Work instruction ▸
On every line of the listing, check for "clínica"; copy the lines that have it.

Input data ▸
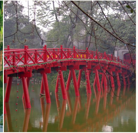
Rote Brücke über dem Hoan-Kiem-See, Vietnam
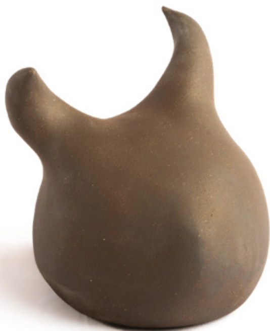
Rigel grès noir - 2023 15,5 x 15,2 x 15,6 cm
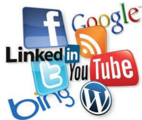
FIGURA 6. Redes sociales en clínica dental.

El marketing por correo electrónico puede servir para mantener el contacto con los pacientes actuales (fidelización) e informarles sobre novedades u ofertas o para captar nuevos pacientes a través de incentivos de valor 18 . Existen múltiples herramientas de email marketing que permiten segmentar a los pacientes, es decir, crear distintas listas (pacientes por provincias, por edad, por tratamientos...) con el objetivo de personalizar las comunicaciones. La elección más adecuada para el envío de comunicaciones por correo electrónico dependerá de los recursos disponibles de la clínica, de las funcionalidades requeridas y de la capacidad de integración con otras aplicaciones ya existentes en la clínica.

Reply to the task ▸
FIGURA 6. Redes sociales en clínica dental.
El marketing por correo electrónico puede servir para mantener el contacto con los pacientes actuales (fidelización) e informarles sobre novedades u ofertas o para captar nuevos pacientes a través de incentivos de valor 18 . Existen múltiples herramientas de email marketing que permiten segmentar a los pacientes, es decir, crear distintas listas (pacientes por provincias, por edad, por tratamientos...) con el objetivo de personalizar las comunicaciones. La elección más adecuada para el envío de comunicaciones por correo electrónico dependerá de los recursos disponibles de la clínica, de las funcionalidades requeridas y de la capacidad de integración con otras aplicaciones ya existentes en la clínica.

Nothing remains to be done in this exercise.